When you reach the line below that has "The report showed", start returning lines exactly, and stop after the line that has "上海市九年义务教育阶段毛笔字"; skip the pictures.

Data -
◆ ◆ ◆

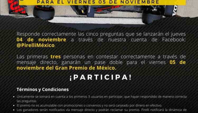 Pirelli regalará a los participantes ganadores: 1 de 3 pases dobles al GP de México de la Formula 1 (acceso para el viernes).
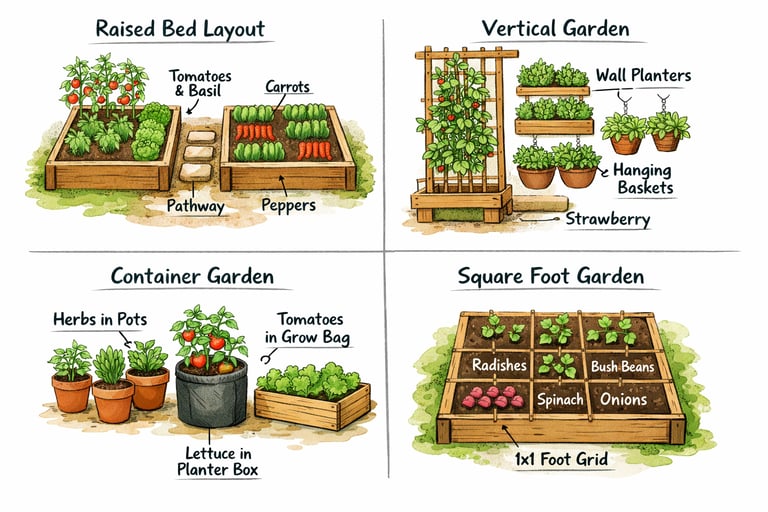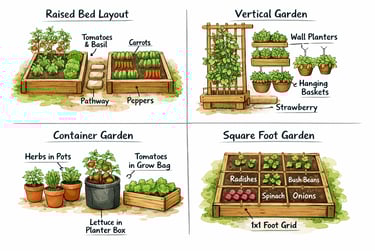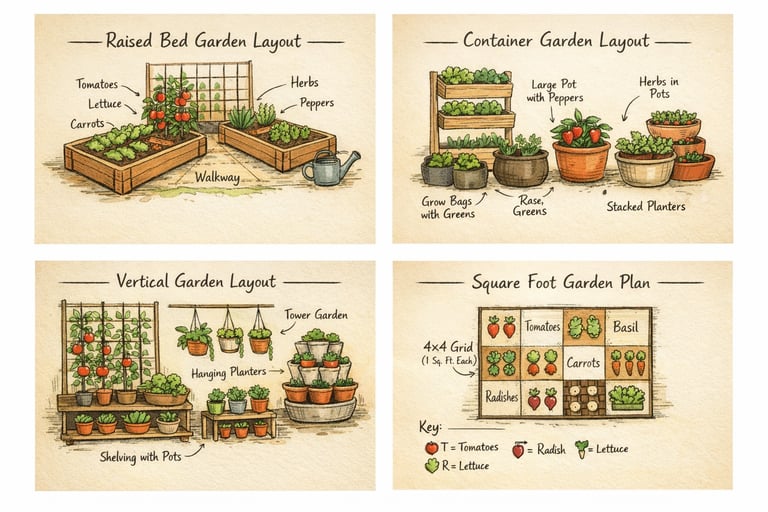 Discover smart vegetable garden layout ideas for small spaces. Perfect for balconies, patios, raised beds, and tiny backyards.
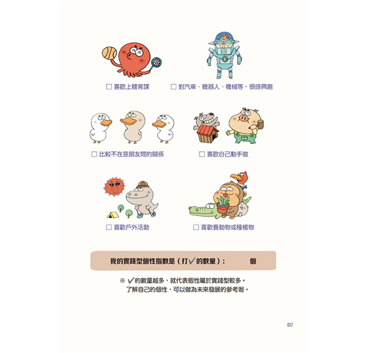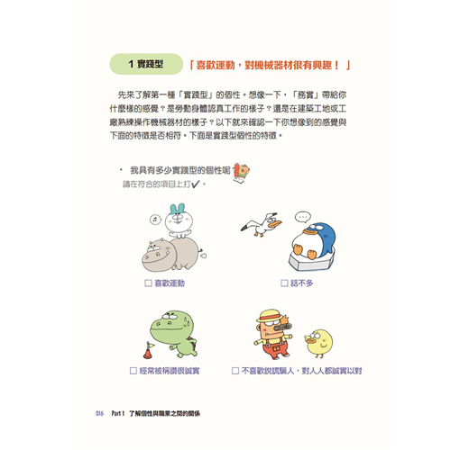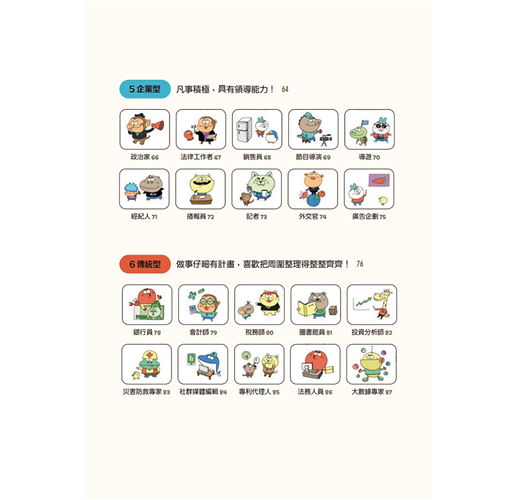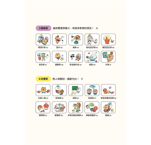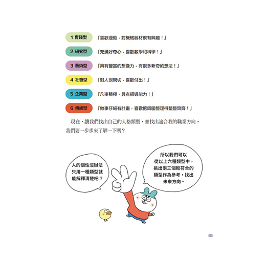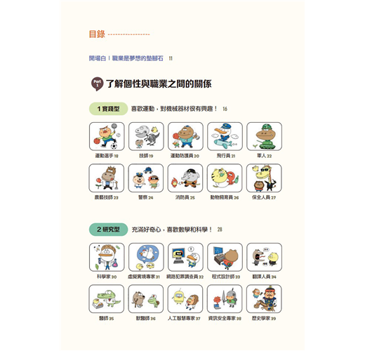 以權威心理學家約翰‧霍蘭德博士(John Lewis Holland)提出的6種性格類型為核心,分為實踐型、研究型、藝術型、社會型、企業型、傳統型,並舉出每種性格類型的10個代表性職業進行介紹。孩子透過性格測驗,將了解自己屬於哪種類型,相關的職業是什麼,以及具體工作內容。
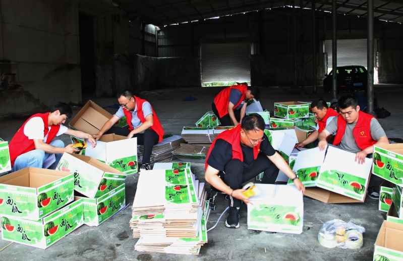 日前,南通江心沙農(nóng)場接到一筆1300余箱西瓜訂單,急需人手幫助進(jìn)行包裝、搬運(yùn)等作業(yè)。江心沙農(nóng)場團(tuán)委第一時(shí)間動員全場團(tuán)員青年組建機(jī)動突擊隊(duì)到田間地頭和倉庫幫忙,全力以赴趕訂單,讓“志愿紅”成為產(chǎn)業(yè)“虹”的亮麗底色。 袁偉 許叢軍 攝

◆ ◆ ◆

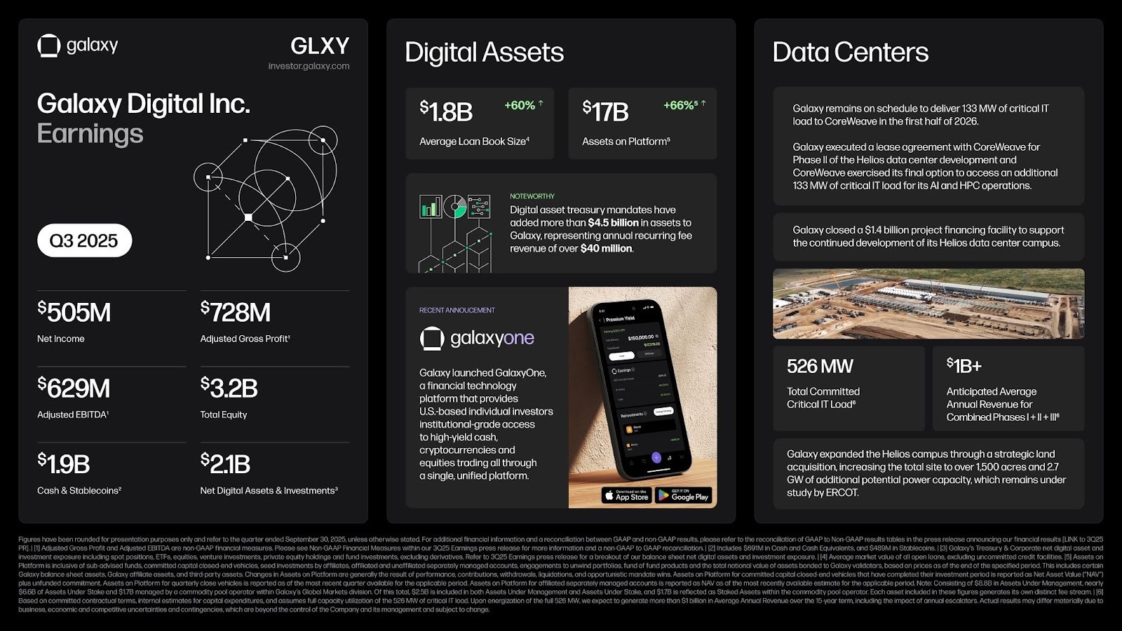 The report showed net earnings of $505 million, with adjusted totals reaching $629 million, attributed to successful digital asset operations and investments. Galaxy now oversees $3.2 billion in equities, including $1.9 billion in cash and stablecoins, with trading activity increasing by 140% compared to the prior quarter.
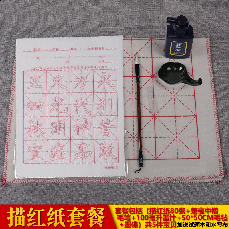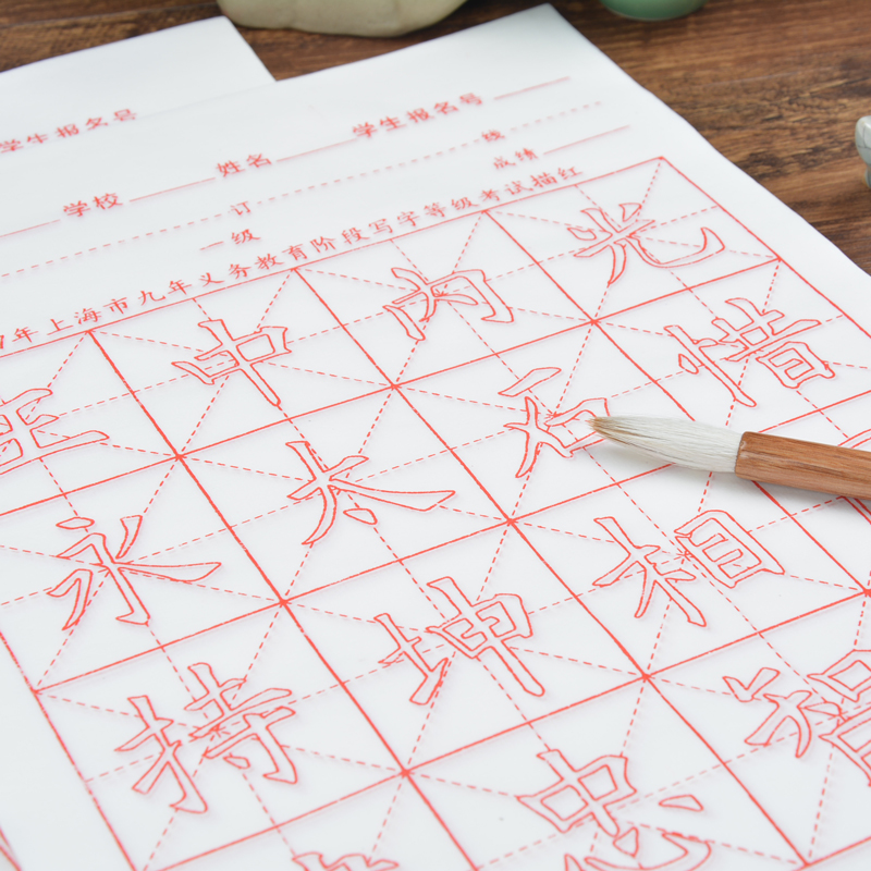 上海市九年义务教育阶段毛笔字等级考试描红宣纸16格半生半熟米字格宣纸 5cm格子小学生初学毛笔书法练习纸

◆ ◆ ◆

Task answer -
 The report showed net earnings of $505 million, with adjusted totals reaching $629 million, attributed to successful digital asset operations and investments. Galaxy now oversees $3.2 billion in equities, including $1.9 billion in cash and stablecoins, with trading activity increasing by 140% compared to the prior quarter.
 上海市九年义务教育阶段毛笔字等级考试描红宣纸16格半生半熟米字格宣纸 5cm格子小学生初学毛笔书法练习纸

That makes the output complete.